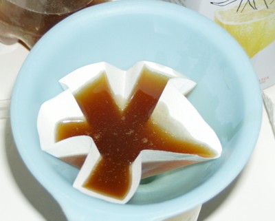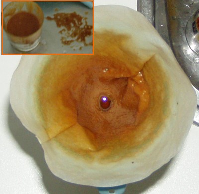 Aspecto del papel después de filtrar medio litro de aceite. En el recuadro puede verse un detalle del material eliminado tras el lavado del filtro. |
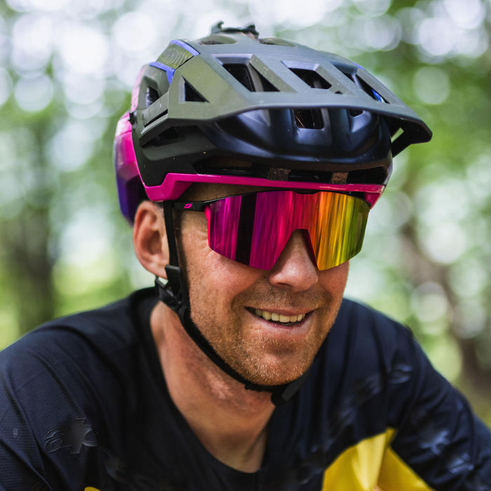 Die speziell für Radsportbegeisterte entwickelte Julbo EDGE steckt voller Premium-Features. Ihr leichtes, fließendes Fassungsdesign verleiht der EDGE ein besonders breites Sichtfeld mit Panoramasicht. Unsere exklusive MagneFix Technologie ermöglicht einen sekundenschnellen einfachen Glaswechsel, wenn die Strecke schlammiger ist als gedacht. Die Glasbelüftung sorgt dafür, dass Sie einen kühlen Kopf behalten und die umschließende Form der Fassung garantiert, dass die Brille auch bei rasanter Fahrt immer dort bleibt wo sie hingehört.
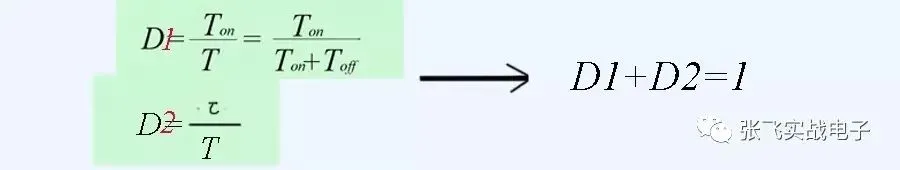 在反激式开关电源中,开关管导通的时候,变压器次级线圈是没有功率输出的,D1、D2有下面关系:
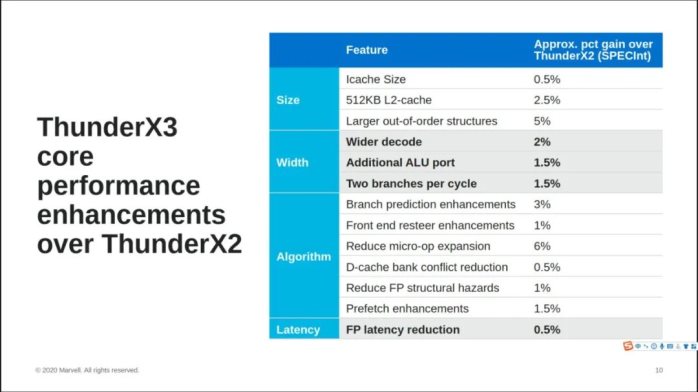 ThunderX3是Marvell的下一代ARM服务器处理器,预计60到96个core,每个core支持4SMT。处理器核采用Arm v8.3核芯,并支持部分v8.4/v8.5的特性。相对于ThunderX2,ThunderX3在资源和算法方面都进行了改进。在演讲中展示了各方面优化对于性能的贡献,其中比较重要的优化包括执行能力、ROB资源、分支预测算法、Cache容量等方面。ThunderX3的片上互联采用三环结构,每一个半环上连接5个节点,每个节点连接4个核心。
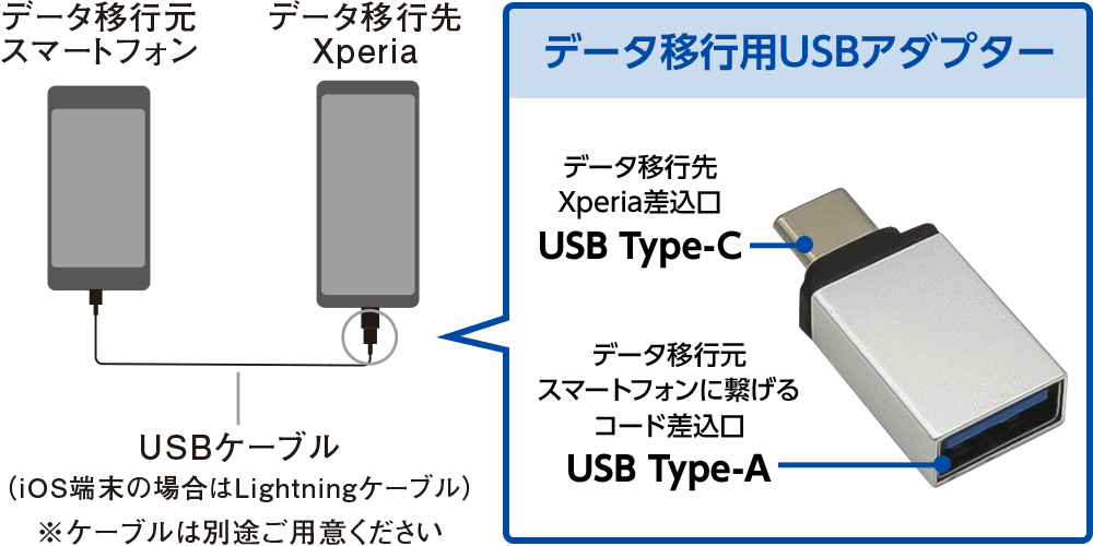 データ移行元のスマートフォンと、データ移行先の新しいXperiaをケーブルでつなぐためのアダプターです。
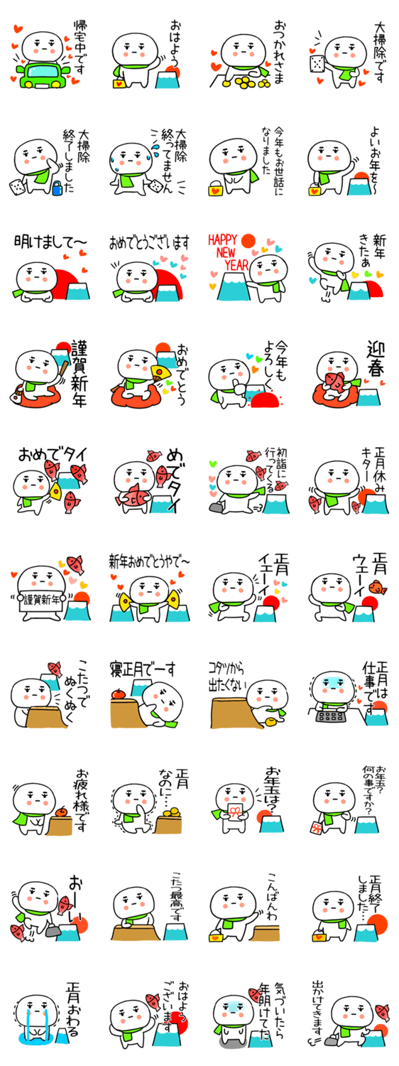 冬に毎日使える日常会話スタンプです。しろまるいキャラのあけおめスタンプ★クリスマス、正月ネタもあります。 もるきゅた作

[INSTRUCTIONS TO FOLLOW] Everything but the pictures is needed: copy the data above exactly.

[FINISHED TASK]
 Aspecto del papel después de filtrar medio litro de aceite. En el recuadro puede verse un detalle del material eliminado tras el lavado del filtro. |
 Die speziell für Radsportbegeisterte entwickelte Julbo EDGE steckt voller Premium-Features. Ihr leichtes, fließendes Fassungsdesign verleiht der EDGE ein besonders breites Sichtfeld mit Panoramasicht. Unsere exklusive MagneFix Technologie ermöglicht einen sekundenschnellen einfachen Glaswechsel, wenn die Strecke schlammiger ist als gedacht. Die Glasbelüftung sorgt dafür, dass Sie einen kühlen Kopf behalten und die umschließende Form der Fassung garantiert, dass die Brille auch bei rasanter Fahrt immer dort bleibt wo sie hingehört.
 在反激式开关电源中,开关管导通的时候,变压器次级线圈是没有功率输出的,D1、D2有下面关系:
 ThunderX3是Marvell的下一代ARM服务器处理器,预计60到96个core,每个core支持4SMT。处理器核采用Arm v8.3核芯,并支持部分v8.4/v8.5的特性。相对于ThunderX2,ThunderX3在资源和算法方面都进行了改进。在演讲中展示了各方面优化对于性能的贡献,其中比较重要的优化包括执行能力、ROB资源、分支预测算法、Cache容量等方面。ThunderX3的片上互联采用三环结构,每一个半环上连接5个节点,每个节点连接4个核心。
 データ移行元のスマートフォンと、データ移行先の新しいXperiaをケーブルでつなぐためのアダプターです。
 冬に毎日使える日常会話スタンプです。しろまるいキャラのあけおめスタンプ★クリスマス、正月ネタもあります。 もるきゅた作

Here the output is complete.